GIVEN DATA

----

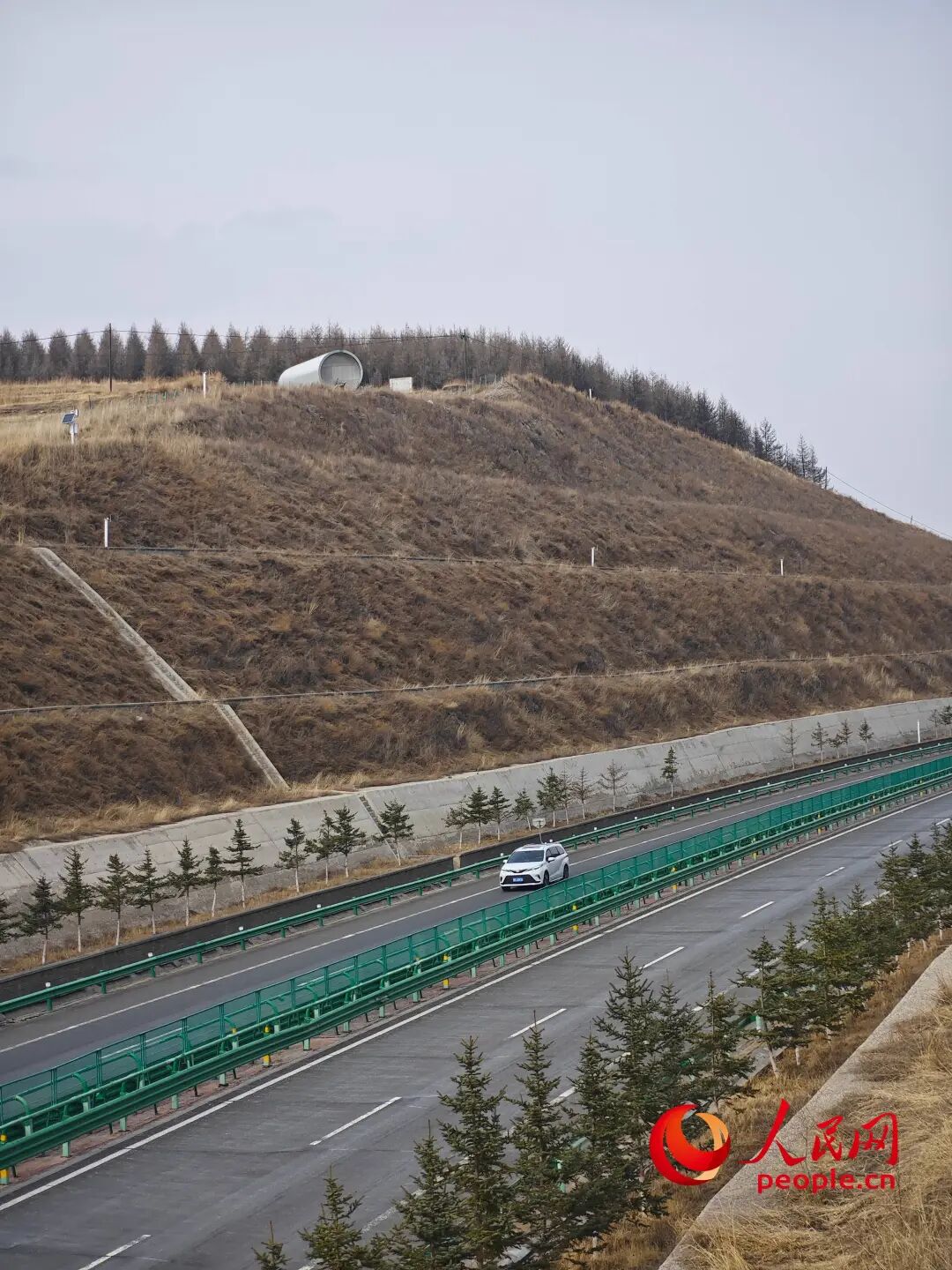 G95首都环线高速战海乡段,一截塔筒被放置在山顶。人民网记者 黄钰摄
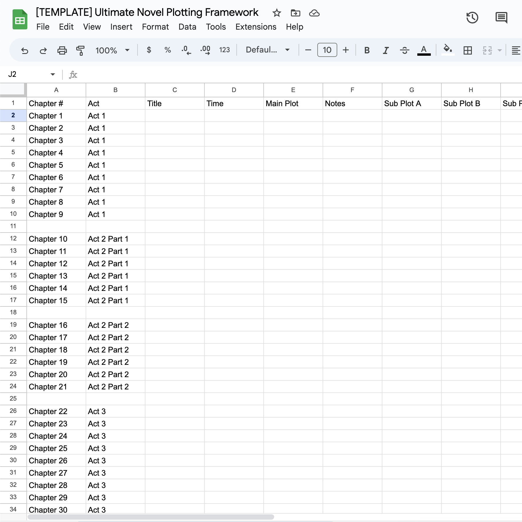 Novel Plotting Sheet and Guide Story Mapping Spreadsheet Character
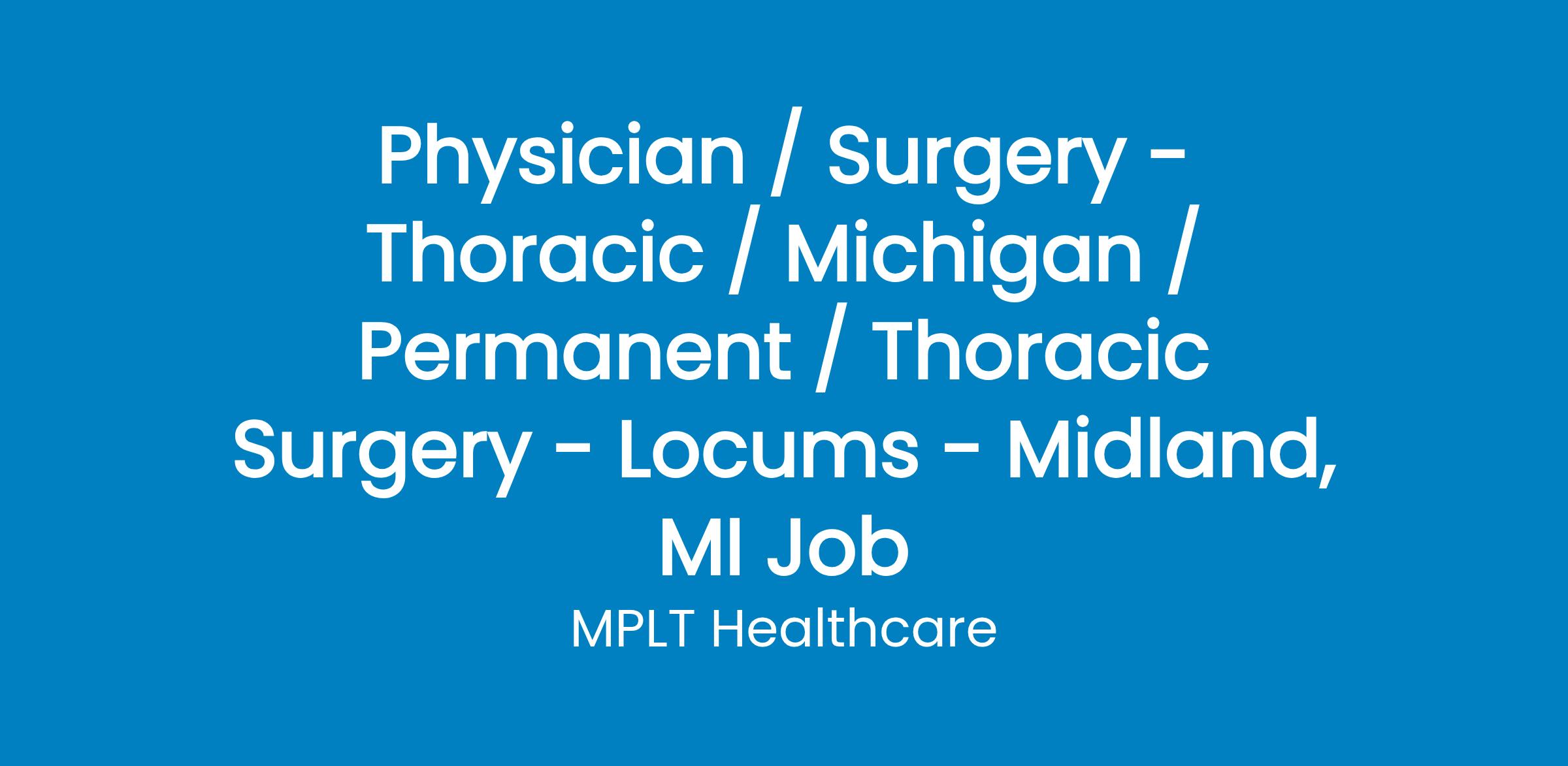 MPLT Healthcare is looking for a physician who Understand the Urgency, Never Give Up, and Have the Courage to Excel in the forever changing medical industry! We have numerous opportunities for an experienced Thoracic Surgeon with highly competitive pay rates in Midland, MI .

----

REQUIREMENT
What is needed is an exact copy of the data, without any pictures.

WRITTEN ANSWER
 G95首都环线高速战海乡段,一截塔筒被放置在山顶。人民网记者 黄钰摄
 Novel Plotting Sheet and Guide Story Mapping Spreadsheet Character
 MPLT Healthcare is looking for a physician who Understand the Urgency, Never Give Up, and Have the Courage to Excel in the forever changing medical industry! We have numerous opportunities for an experienced Thoracic Surgeon with highly competitive pay rates in Midland, MI .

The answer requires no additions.